** Activity **
Wherever an image appears in the data, omit it and copy all the remaining text word for word.

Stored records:
━━━━━━━━━━
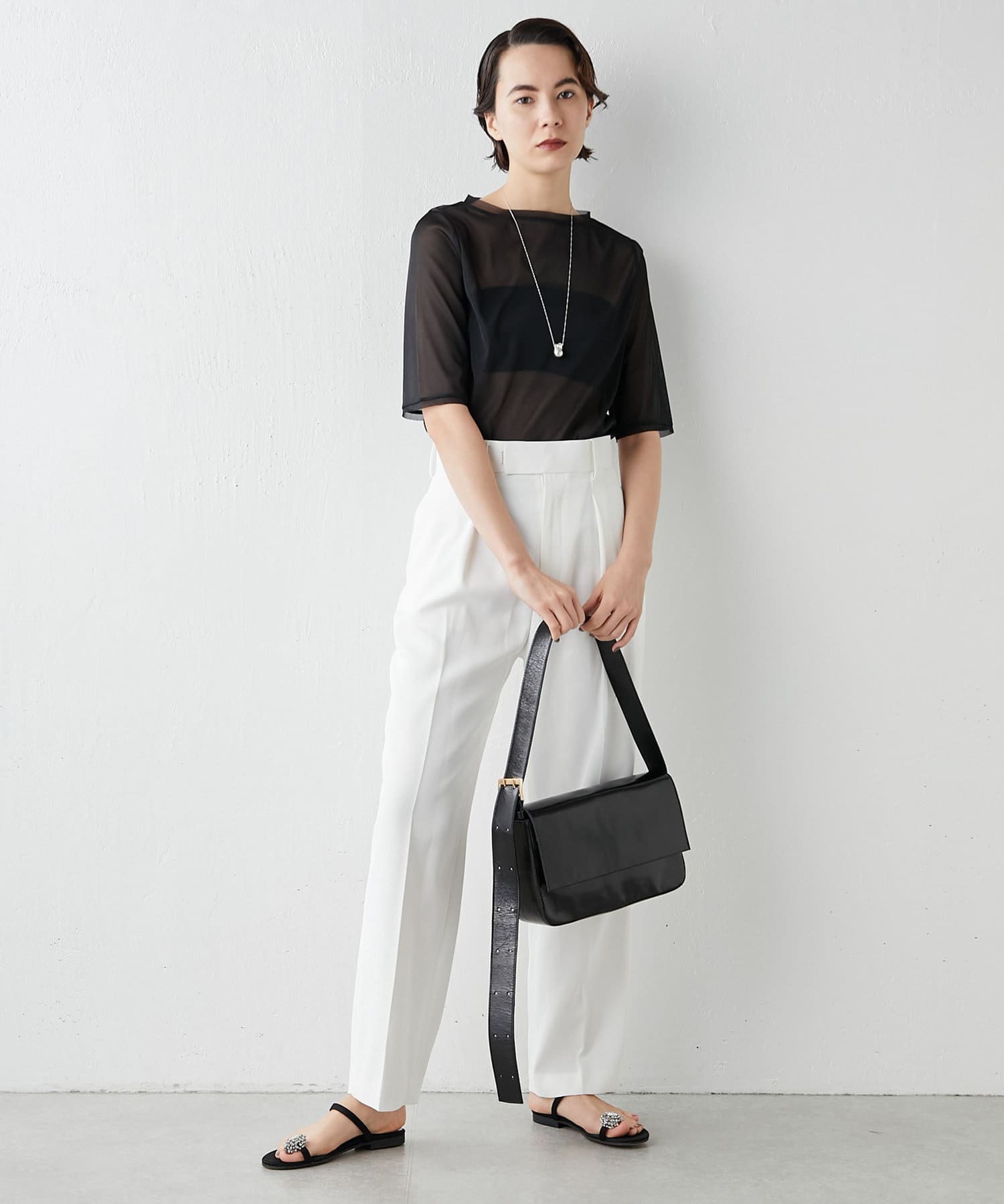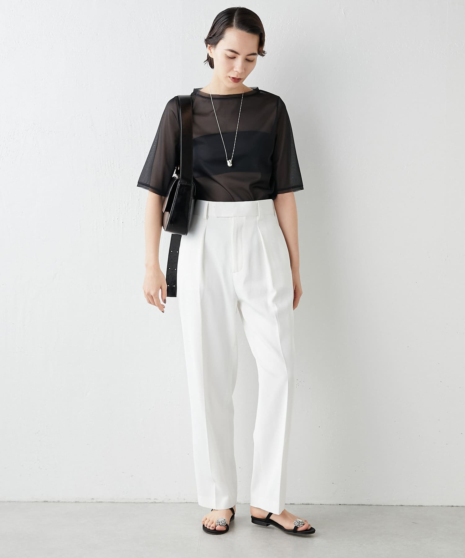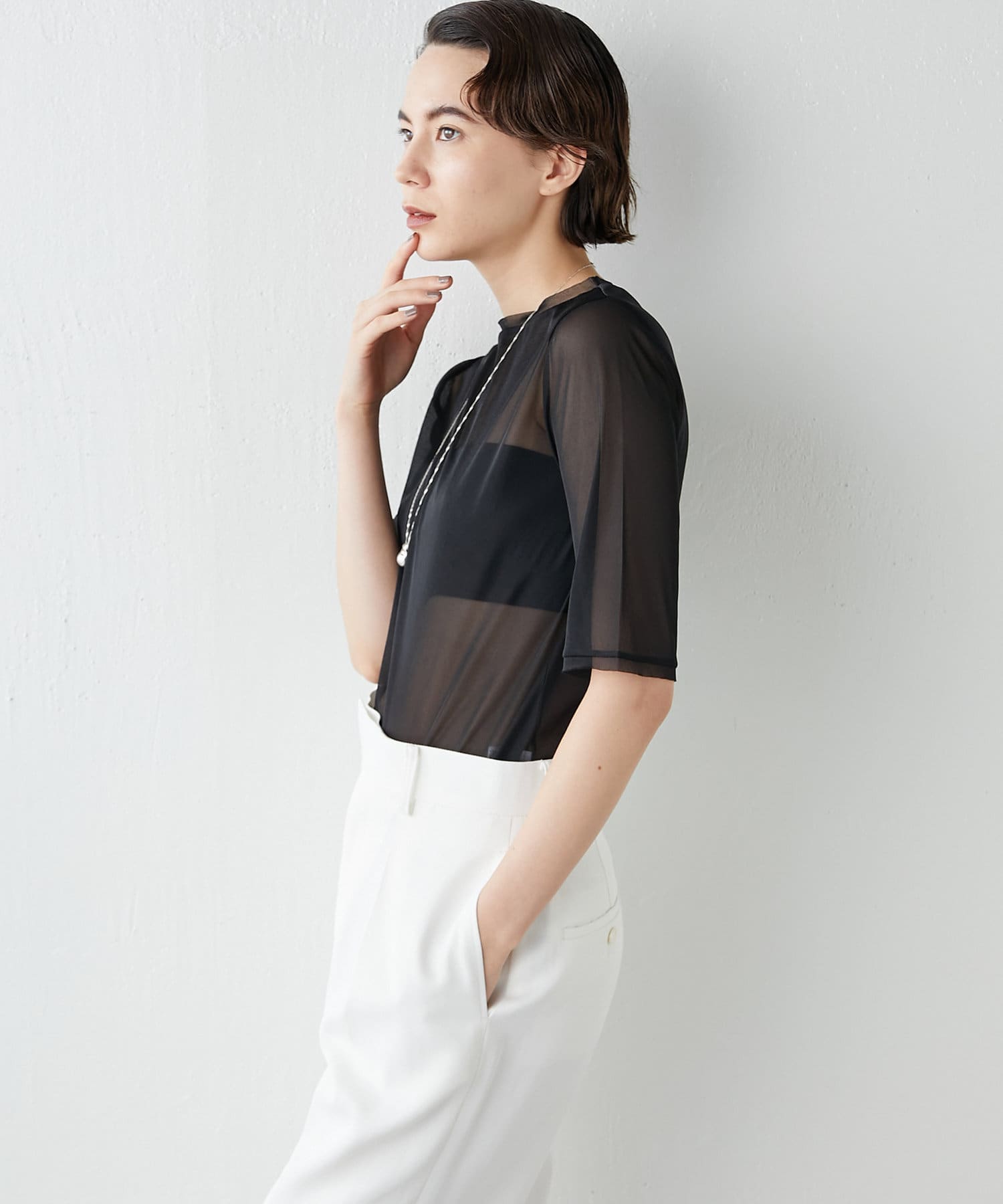 ■透け感のあるさらりとした素材が大人っぽくヘルシーに着こなせる一枚。
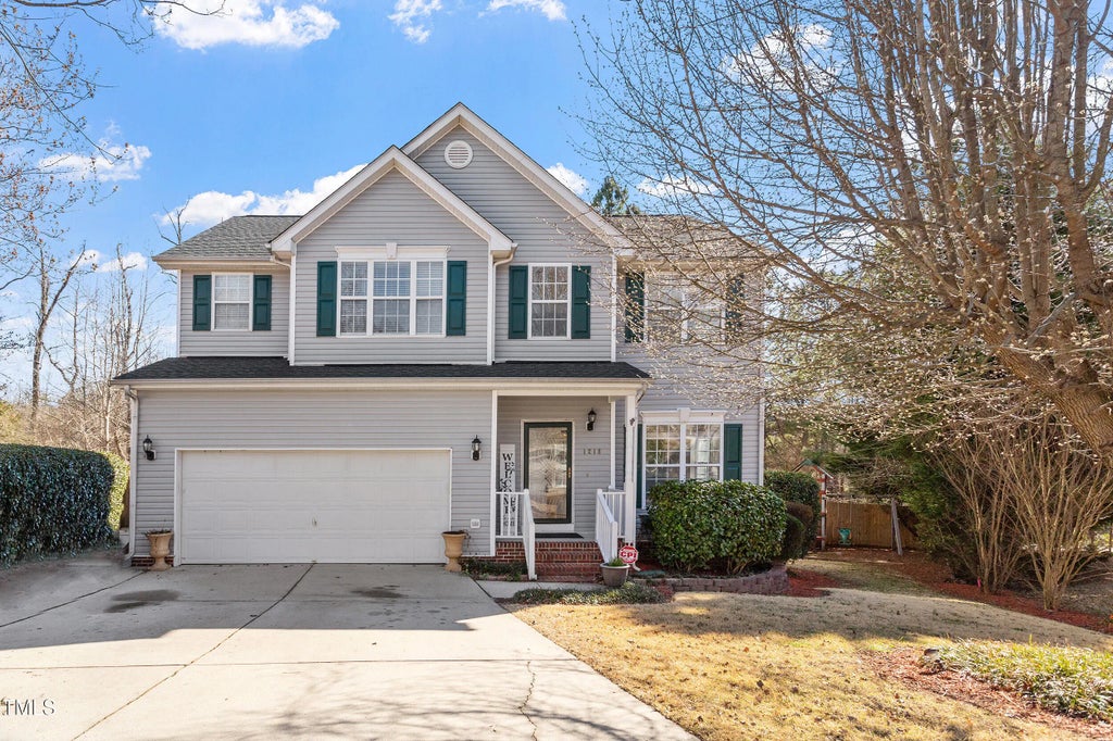 Welcome to 1218 Twelve Oaks Lane, a charming 4-bedroom, 2.5-bathroom home nestled in the desirable Ashley Downs community of Apex, on an expansive 0.8 acre lot! This 2,176 sq. ft. residence features vaulted ceilings, hardwood floors, and abundant natural light. ALL NEW CARPET AS OF SEPTEMBER 2025! NEW LVP flooring in living and dining room areas. The gourmet kitchen boasts 42-inch cabinets, granite countertops, an island with a mounted hanging pot rack above, beautifully classic tile backsplash, and a built-in desk. The spacious primary suite offers a garden tub, dual vanities, and a separate shower. Spacious 4th bonus room can be converted into a bedroom. Owners have freshly painted the entire home, including the 2 car garage! There is also a utility sink in garage convenient for home projects and gardening. Enjoy the private fenced backyard from the sunroom or deck, with the playground to convey. Situated in a cul-de-sac with fresh front yard sod, this home is walking distance minutes from top-rated schools including Olive Chapel Elementary (walking distance), Beacon Elementary, Apex Friendship, shopping (Publix), and endless dining options. With ceiling fans in every bedroom and ample storage, this home is move-in ready. NEW Window in Master Bathroom. Roof was replaced in 2020. PLEASE NOTE: Refrigerator, Washer and Dryer will NOT convey with property. New front door, storm door, and back doors. NEW stove in kitchen! Water heater was replaced in the home in 2016. New fan and light in the primary bedroom. New lights in kitchen!
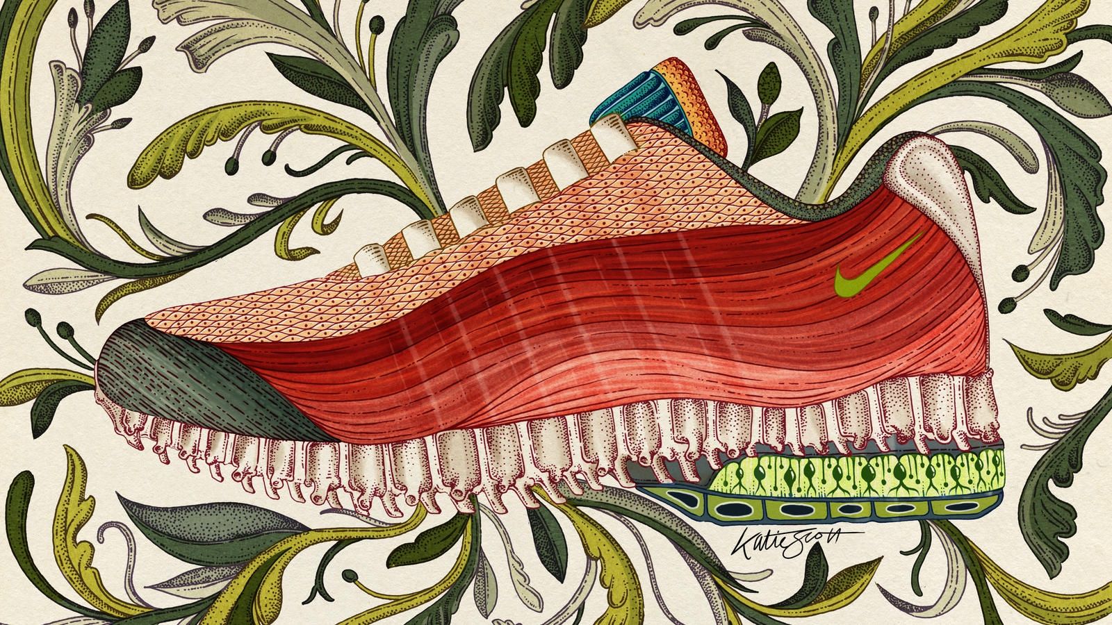 To celebrate the 20th anniversary of the Air Max 95 Nike called two illustrators specialized in anatomy drawings: Andy Van Dinh and Katie Scott.
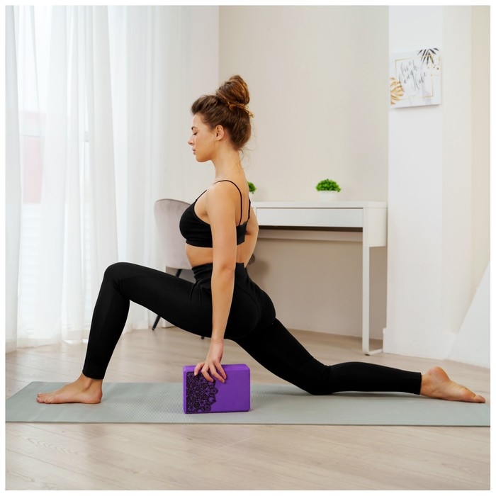 Йога-блок (йога-кирпич) применяется для создания дополнительной точки опоры. Он помогает развивать гибкость постепенно, без лишнего напряжения в мышцах и суставах. Необходим для тех, кто только начинает заниматься йогой, и кому не хватает гибкости, чтобы иметь правильную опору для рук и ног при выполнении асан.
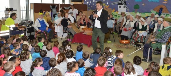 El alcalde de Daimiel, Leopoldo Sierra, ha acompañado un año más a los “grandes artistas” del Taller de Memoria y del Servicio de Estancias Diurnas, que durante esta semana representan en el Centro de Mayores la obra “Ya es Navidad” para los alumnos más pequeños de los centros educativos. En esta ocasión, el público llegaba de los colegios Infante Don Felipe, San Isidro, La Espinosa y Calatrava, como han dejado claro durante la bienvenida del sacerdote y narrador de la historia, Luis Eduardo Molina.
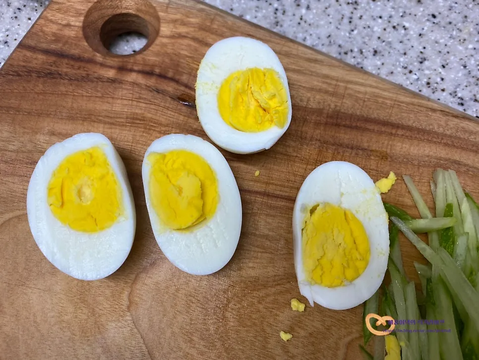 고명은 오이와 삶은계란을 준비했어요
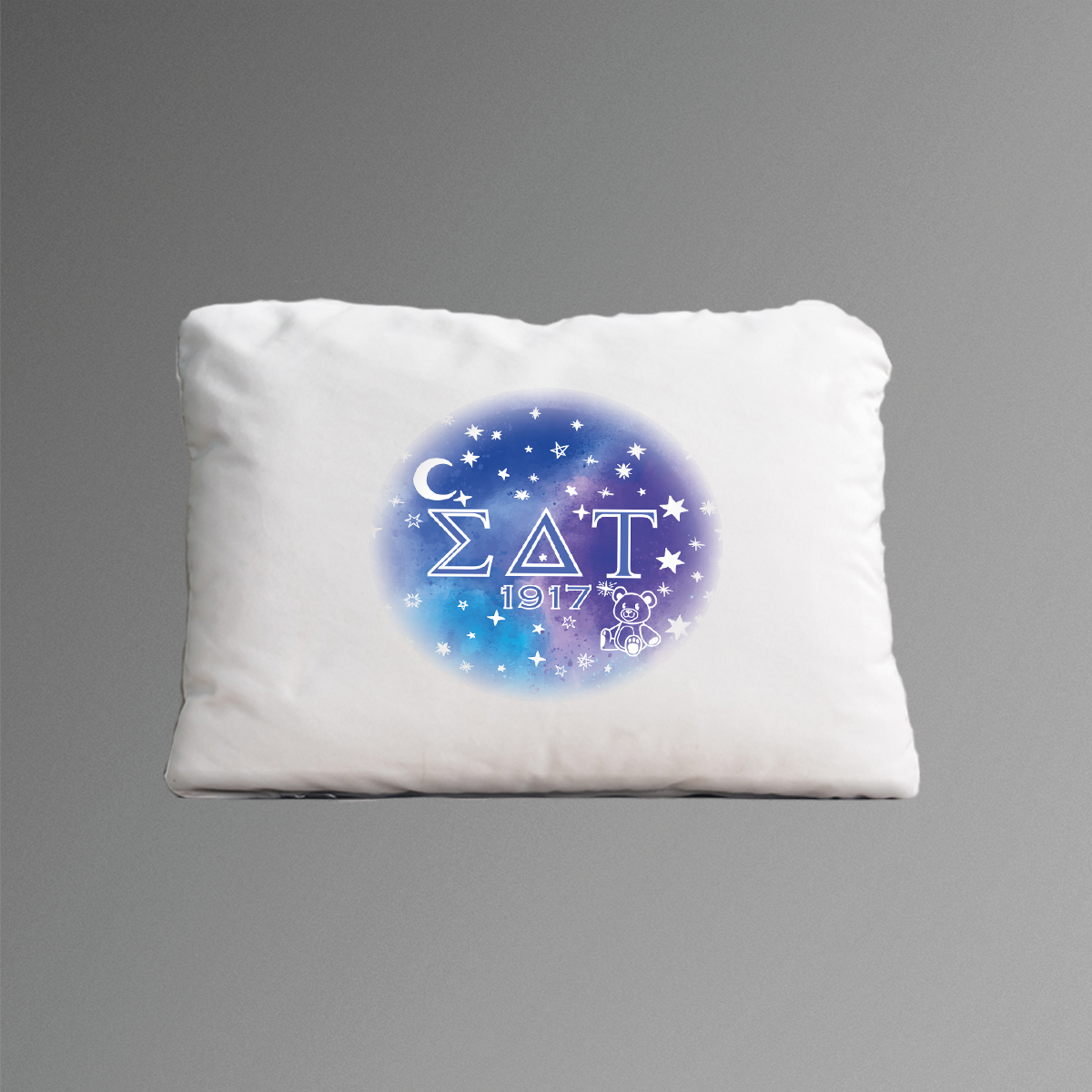 This beautiful Sigma Delta Tau Pillowcase, designed for every ΣΔΤ member who loves cute sorority decor. This pillowcase features a magical starry-night gradient design with the ΣΔΤ Greek letters and the founding year 1917, making it the perfect addition to any dorm room, apartment, or sorority house.
━━━━━━━━━━
** Result of the exercise **
 ■透け感のあるさらりとした素材が大人っぽくヘルシーに着こなせる一枚。
 Welcome to 1218 Twelve Oaks Lane, a charming 4-bedroom, 2.5-bathroom home nestled in the desirable Ashley Downs community of Apex, on an expansive 0.8 acre lot! This 2,176 sq. ft. residence features vaulted ceilings, hardwood floors, and abundant natural light. ALL NEW CARPET AS OF SEPTEMBER 2025! NEW LVP flooring in living and dining room areas. The gourmet kitchen boasts 42-inch cabinets, granite countertops, an island with a mounted hanging pot rack above, beautifully classic tile backsplash, and a built-in desk. The spacious primary suite offers a garden tub, dual vanities, and a separate shower. Spacious 4th bonus room can be converted into a bedroom. Owners have freshly painted the entire home, including the 2 car garage! There is also a utility sink in garage convenient for home projects and gardening. Enjoy the private fenced backyard from the sunroom or deck, with the playground to convey. Situated in a cul-de-sac with fresh front yard sod, this home is walking distance minutes from top-rated schools including Olive Chapel Elementary (walking distance), Beacon Elementary, Apex Friendship, shopping (Publix), and endless dining options. With ceiling fans in every bedroom and ample storage, this home is move-in ready. NEW Window in Master Bathroom. Roof was replaced in 2020. PLEASE NOTE: Refrigerator, Washer and Dryer will NOT convey with property. New front door, storm door, and back doors. NEW stove in kitchen! Water heater was replaced in the home in 2016. New fan and light in the primary bedroom. New lights in kitchen!
 To celebrate the 20th anniversary of the Air Max 95 Nike called two illustrators specialized in anatomy drawings: Andy Van Dinh and Katie Scott.
 Йога-блок (йога-кирпич) применяется для создания дополнительной точки опоры. Он помогает развивать гибкость постепенно, без лишнего напряжения в мышцах и суставах. Необходим для тех, кто только начинает заниматься йогой, и кому не хватает гибкости, чтобы иметь правильную опору для рук и ног при выполнении асан.
 El alcalde de Daimiel, Leopoldo Sierra, ha acompañado un año más a los “grandes artistas” del Taller de Memoria y del Servicio de Estancias Diurnas, que durante esta semana representan en el Centro de Mayores la obra “Ya es Navidad” para los alumnos más pequeños de los centros educativos. En esta ocasión, el público llegaba de los colegios Infante Don Felipe, San Isidro, La Espinosa y Calatrava, como han dejado claro durante la bienvenida del sacerdote y narrador de la historia, Luis Eduardo Molina.
 고명은 오이와 삶은계란을 준비했어요
 This beautiful Sigma Delta Tau Pillowcase, designed for every ΣΔΤ member who loves cute sorority decor. This pillowcase features a magical starry-night gradient design with the ΣΔΤ Greek letters and the founding year 1917, making it the perfect addition to any dorm room, apartment, or sorority house.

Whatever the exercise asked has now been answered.